I've tried to find out more about these pylons but the best I have found so far is here.


Tuesday, 25 January 2022

A Pebble map of Geology

 This is a map of the area around Teesdale in which each pebble is of the correct rock type for the location it marks.

The slates on the left hand edge are the oldest and date from a collision of continents. That will be Scotland and England crashing into each other.

I've known about that for years but this display helped me to realise how far south of the Equator we must have been when that happened because the limestone formed on top of it in coral seas. And the Whin Sill intrusion happened before the red desert sandstone, which I understand was laid down when we had made it as far north as the Sahara is today. So the map turned out to be a bit of a gem that made sense of a set of facts I'd known but never put together.


Monday, 24 January 2022

The Whin Sill again at Low Force

 


Having previously encountered the Whin Sill on the other side of the hill at High Cup Nick I shouldn't have been surprised to find it in Teesdale where its harder rock causes the waterfall at Low Force. However, it did bring home to me the extent of this intrusion. It ends on Lindisfarne; I found it at Dunstanburgh and also on Hadrian's Wall. 


Sunday, 23 January 2022

Calculating the efficiency of my candle

 

I took some results for my candle water-heater and I tried to look up a value for the Joules per gram of candle wax. I found 43kJ and 37kJ so let's say 40kJ per gram. 0.28 grams of wax burned which releases about 11000J. It was set up so a 1 degree Celsius rise in temperature is worth 100J so that means 3140J of energy went into the thermal store of the water. If we are using this candle as a water heater, then the efficiency = 3140/11000 = 0.28. The rest is dissipated to the surroundings as heat and light (heating by particles and heating by radiation in the new parlance). Presumably I would get a higher efficiency if I moved the candle closer, say 2cm instead of 3 cm.

Saturday, 22 January 2022

24 cubic centimetres of water

 

We set up this experiment to show that the chemical energy store in a candle empties and the thermal energy store of the water fills. We had the candle 3cm below the tube and we heated for 2 minutes. We weighed the candle before heating and again after. The mass went down slightly showing that the chemical energy store of the candle had emptied. We measured exactly 24 cubic centimetres of water into the tube and measured the temperature at the beginning and end. The 24 cm^3 was chosen because with that volume, the thermal energy store of the water has increased by 100J for every 1 degree Celsius rise in temperature. Not all of the chemical energy from the candle goes to fill the thermal store of the water. Some is dissipated as thermal energy into the surroundings so just by knowing the energy absorbed by the water, we cannot be sure of the actual energy that left the candle.

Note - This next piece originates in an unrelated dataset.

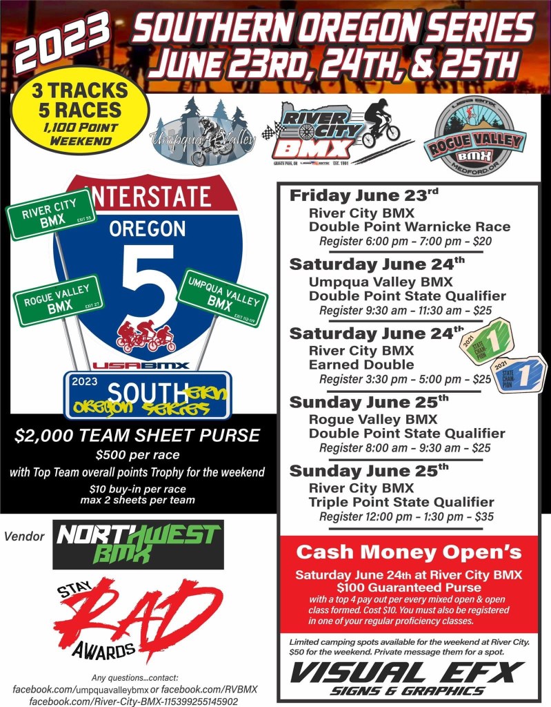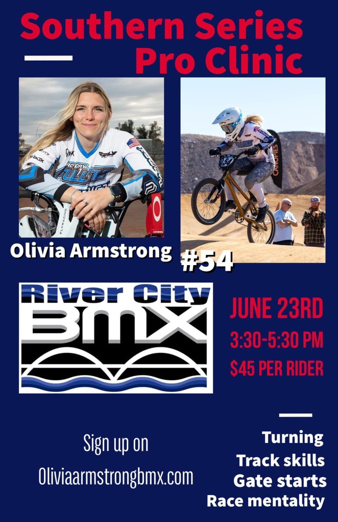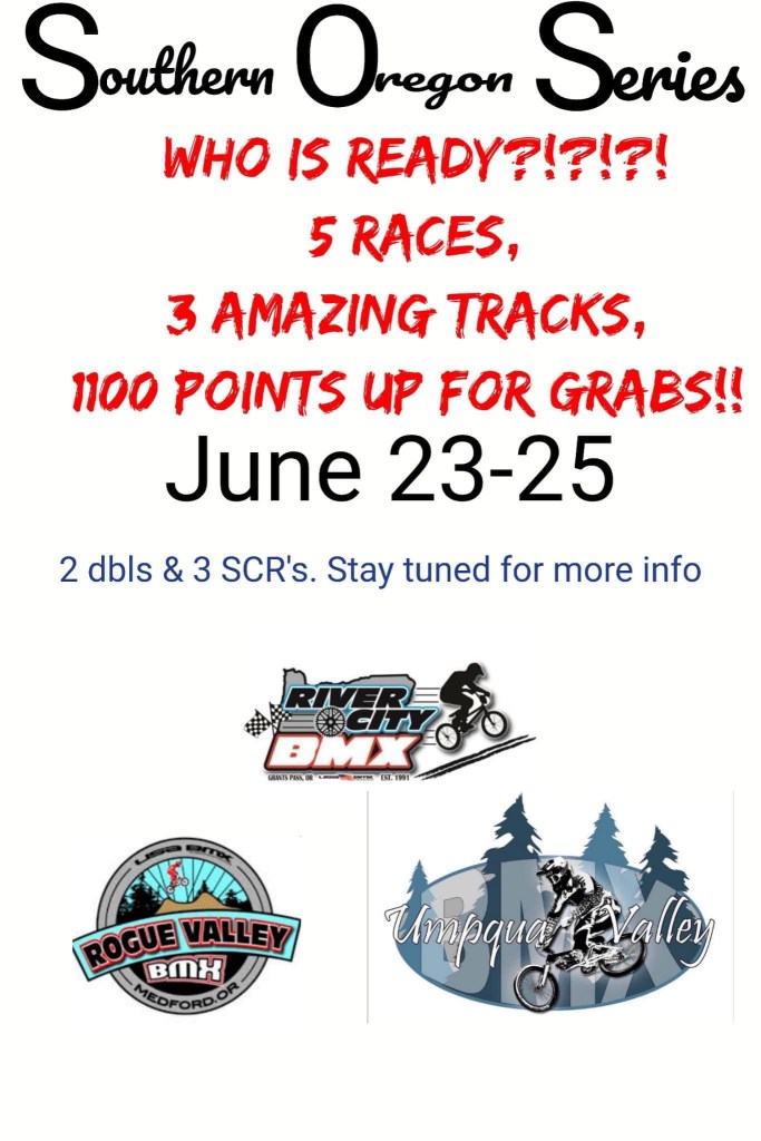 2023 Southern Oregon Series is coming up fast itโ€™s going to be an awesome weekend of racing. River City BMX will kick it off Friday night with our Double point Warnicke Race. All riders that are signed up for the Olivia Armstrong Clinic will get half off the race that night. She will get you dialed in for the weekend. This is an all skills level clinic so lock in your spots, there is a limited number of them. Link below.

However, I may have a way of attacking this problem and finding the efficiency.

Tuesday, 18 January 2022

Robin Rigg Wind Farm: bigger turbines

 

Robin Rigg wind farm was visible on the horizon in the sunshine from Southerness Point. I looked up the turbines. Like Watchtree, they are Vestas but this time V90. The serial number refers to the diameter: they have 90m diameter whilst the V47s at Watchtree are 47m. The wind speed for cut in, rated and cut out are the same. These big turbines generate 3MW as opposed to the 660kW of the smaller ones. The swept area of the big ones is 3.67x the smaller (6362m^2:1735m^2). However 660 x 3.67 = 2.4Mw so there is more to extra power generated than just the extra wind energy gathered.

Friday, 14 January 2022

A visit of the centre of England

 

We stumbled upon this whilst out in Sutton Park in the West Midlands. Having been to two rival claimants for the centre of Britain (see this post) I think this is much more likely to be correct since the dispute on the whole of the Britain depends on whether or not you include the Northern Isles. This is probably also done by the centre of mass cardboard model method. And here's what the centre of England actually looks like:



Wednesday, 12 January 2022

Reaction timer ruler

 

I turned a metre stick into a reaction timer by recalibrating the scale to read in seconds. The idea is that one person holds the ruler vertically level with the top of another person's open hand. When the ruler is dropped, the second person catches it and their reaction time is read from the scale. I used one of the Equations of Uniformly Accelerated Motion to work out the scale division. I used s = ut + 1/2at^2. This reduces to s = 1/2 x g x t^2. Since distance is proportional to t-squared, the linear gaps get bigger.

Tuesday, 11 January 2022

A lovely film about renewable energy on Eigg

 I'm hoping to visit Eigg and found this lovely film about their ground-breaking renewable energy scheme which involves linking wind, solar and hydroelectric with a battery bank as well. 

Monday, 10 January 2022

An interesting statement about ultrasound

 I bought a new ultrasonic scarer for mice. It is interesting to note that cats and dogs can hear some ultrasound but that this is pitched too high for them.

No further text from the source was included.